The worst part about this all is the differences in the way the show treats the characters and the narratives that are created around them. Amberle has been presented for almost two full episodes now as unreasonably paranoid, irrational, and haughty, and it would be easy to see her abuse and degradation at the hands of Cephalo as Amberle being “put in her place.” This is further supported by the fact that she has to beg Eretria for help, and the other girl lets Amberle believe that she’s been abandoned before swooping in at—literally—the last possible moment to effect a rescue. At the same time, while the episode seems to try and frame Eretria as a hero for rescuing Amberle, it’s explicitly stated more than once that the reason Eretria came back was for the promise of riches from the elf girl’s grandfather.
Cephalo is the character who is treated the best in all of this, but it’s completely undeserved. Up to this point, he’s been presented as a ruthless but charming rogue, and while he’s threatened Eretria’s life and freedom several times, his threats have been shown to be toothless time and again. This week he goes far beyond threats with Amberle. He actually sexually assaults her, brutally, and is stopped only moments before completing his intended—explicitly so—rape. He also has plenty of dialogue that tells us that this isn’t his first rape; this is habitual behavior for Cephalo, clearly. I might have been able to tolerate this if this attack was finally the thing that gets Cephalo killed, or even if he was left tied up for monsters to get the way he left Wil and the rest of the elven party. That would have been something like narrative justice for a character who has, since the beginning, been pretty irredeemably bad. Cephalo had already been shown to be abusive, misogynistic and a slaver, which is pretty far outside of what can really be classified as “lovable scoundrel” behavior, so knowing that he’s also an actual rapist should seal the deal. Instead, and in lieu of any resolution to this mess that would make sense, Cephalo gets a sort of mini redemption arc before the end of the hour when he’s given the opportunity to save the group when they face the Reaper that gives the episode its title.
So, to recap: Amberle has to be humbled because she’s been so bitchy about this whole quest thing, Eretria is totally willing to abandon another woman to be raped unless she can gain personally from a rescue, and Cephalo is…misunderstood? I guess?
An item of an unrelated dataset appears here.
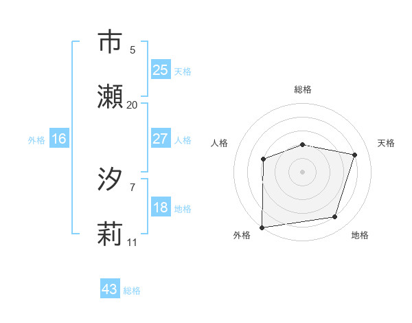 市瀬 汐莉さんを姓名の画数から五運を鑑定

There’s some other stuff that happens this week, but I don’t care much about it since I’m still seething over the Cephalo crap, which basically ruined the whole episode for me. I know that this show has been billed as Game of Thrones for teens, or whatever, but that’s no reason for The Shannara Chronicles to emulate some of GoT’s worst qualities. Part of what I’ve enjoyed about this series so far is that it is so very different from the other, more grimdark shows that are so popular these days. The lighter tone and more straightforward heroic quest adventure story of Shannara has its own sort of appeal, but “Reaper” unravels some of that appeal by making things darker and more convoluted than they need to be.
2 thoughts on “The Shannara Chronicles: “Reaper” is a morass of upsetting writing choices”
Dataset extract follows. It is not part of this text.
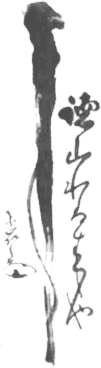 MORE ON JAPANESE CALLIGRAPHY Somyo, Sōmyo, Soumyou 草名 http://www.aisf.or.jp/~jaanus/deta/s/soumyou.htm Also read Sona, Souna. A signature in cursive script. During the Nara period, signatures were written in formal square Kaisho 楷書 script. The style changed to semicursive or Gyousho 行書 script during the Heian period, and later to cursive script, sousho 草書, where two characters were combined into one to form a symbol. During the Fujiwara period, this form of signature appeared in the opening paragraphs of letters. Considered to be similar to and perhaps an early form of a Kaou 花押. Genpitsu 減筆 http://www.aisf.or.jp/~jaanus/deta/g/genpitsu.htm Ch: jianbi. Often Genpitsubyou 減筆描. Also Ryakuhitsu 略筆. Lit. abbreviated brush drawing. An ink painting technique that employs a minimum of brush strokes to capture the essential features of an object, human figure, or scene. Of the three categories of brushwork (shin gyou sou 真行草) it is closest to the cursive style (sou) well suited for symbolic, suggestive renderings. Genpitsu is thought to have originated in China during the late Tang dynasty (+618-907) and flourished during the Song dynasty (+960-1279). Liang Kai 梁楷 (Jp: Ryou Kai late +12-13c) is said to have perfected this technique, and many of his figure paintings are prime examples. One such painting is his "Li Po reciting" (Ri Haku ginkou-zu 李白吟行図), a hanging scroll in Tokyo National Museum. Chinese genpitsu paintings were greatly admired and imitated by Japanese painters, especially during the Muromachi period. The technique is one of the eighteen types of figure portrayal, jinbutsu juuhachibyou 人物十八描. Ashide 葦手 http://www.aisf.or.jp/~jaanus/deta/a/ashide.htm Lit. 'reed-hand script'. A decorative, pictorialized style of calligraphy, de 手, developed during the 9c in which cursive characters are disguised in the shape of reeds, ashi 葦, streams, rocks, flowers, birds, etc. A marsh scene with ashide characters was a motif frequently used in the under-drawings, shita-e 下絵, to decorate the paper of poetry anthologies and Buddhist scriptures or as the designs on textile and lacquer-ware. The term appears in literature from the 9th c onward. In the late 10c, The Tale of The Hollow Tree (UTSUBO MONOGATARI 宇津保物語), ashide is defined as one of several recognized forms of calligraphic script. Several extant examples of ashide date from the 12c. The decoration in underdrawing of 1160 in The Collection of Chinese and Japanese Poems for Singing (WAKAN ROUEISHUU 和漢朗詠集, Ministry of Cultural Affairs), with calligraphy written by Fujiwara no Koreyuki 藤原伊行, shows the fully developed stage of ashide. After the 13c, the term came to be applied loosely to mean: 1) a picture in which ashide characters were included; or 2) a type of pictorial puzzle or rebus using ashide letters and pictorial elements as clues to a poem (see uta-e 歌絵). These representations are also called reed-hand-script paintings, ashide-e 葦手絵, and they were no longer limited to marsh landscapes. For example, decorative cursive characters are found in a tree in the late 13c illustrated handscroll of The Lord Takafusa's Love Songs (Takafusakyou tsuyakotoba emaki 隆房卿艶詞絵巻, National Museum of Japanese History, Chiba prefecture). MOJI-E 文字絵 Pictorial Calligraphy. Ko (character for "child") Yi Dynasty Korea, +19th Century, Length 77 cm Photo Courtesy The Japan Folk Crafts Museum Moji-e 文字絵 = Pictorial Calligraphy Below text courtesy of JAANUS A picture with the Japanese syllabary cleverly used as part of the motif. Another type of moji-e was called ashide-e, where entwined grass, flowers or water motifs took the form of Japanese syllables. These were popular during the Heian period. In the Edo period, it became popular to cleverly arrange letters in the folds and outlines of the garments worn by samurai or beautiful women in the prints. This device can be seen in ukiyo-e by Torii Kiyomasu (fl.c. +1696-1716), paintings by Okumura Masanobu (+1686-1764) and picture calendars (e-goyomi) by Kiyomasu II, Nidai Kiyomasu (+1706-63). Single-sheet multi-color moji-e also survive by Isoda Koryuusai (fl.mid +1760s-80s), Katsukawa Shunshou (+1726-92) and Katsushika Hokusai (+1760-1849). | | | | Stylized form of Ki / Chi | | | Traditional form of Ki / Chi | | | Simplified form of Ki / Chi | | | KI (Chi, Ch'i, Qi) Calligraphy by Afaq Saleem from Holland (Martial Artist and Calligrapher) Afaq's Web Page & Estore | Ki (Chi, Ch'i, Qi) Vital Energy, Life Force, Breath, Spirit Roughly equivalent to the Sanskrit Prana, the peculiarly unforced energy associated with breath. | | | | | Holy Wind through the Bamboo Trees by Afaq from Holland (Martial Artist and Calligrapher) Afaq's Web Page & Estore | DREAM (Japanese = Yume) Calligraphy by Qiao Seng, a Zen artist. The hand-painted seal says "Dreaming of Butterflies." His artwork can be purchased by visiting his site. | | | | | | Sake - Japanese Nihonshu, or Rice Wine Drawn by Yasutaka Daimon's father | Aji - Taste (scanned from a match book) | Painting at Ryutakuji A Famous Zen Temple in Japan | | | | | Calligraphy by Steve Weiss. Says Steve: "This piece reads KAN 関, meaning 'barrier.' Done in sōsho style, it was inspired by a piece by Ōmori Sogen 大森 曹玄 (1904-1994), wherein he defined it as the "perceptive barrier" that all students of Zen must cross over. If you think about KAN defined as a barrier from a Buddhist perspective, nothing really exists, no barriers at all! What Ōmori Sogen was saying was that one has to develop the perception to penetrate this invisible barrier (created by man himself) in order to realize one's Buddha nature." | Calligraphy by Steve Weiss. Says Steve: "This piece reads MU NEN MU SŌ 無念無想 and is an old martial art saying meaning 'no thoughts no desires.' It is a highly developed state of mind where thinking about your opponent or technique

I like this episode and review. Next episode will be interesring.
Exactly! !!! This show had so much potential until it was like OH YOU WERE UNBUTTONING YOUR PANTS TO RAPE THE PRINCESS? WE’RE COOL WITH THAT, COME JOKE AND GIVE ADVICE TO OUR GROUP! And then I couldn’t stand it. This dude’s now just chumming around with them? I on want to watch him at all. I kept waiting for his grisly end. Leave him to die. Drag him to death. Have him tortured when they’re hanging on that thing at Pykon. Have the demon kill him. But no, Crisp dies and he’s just FINE. Stopped watching after the Pykon episode. So offensive.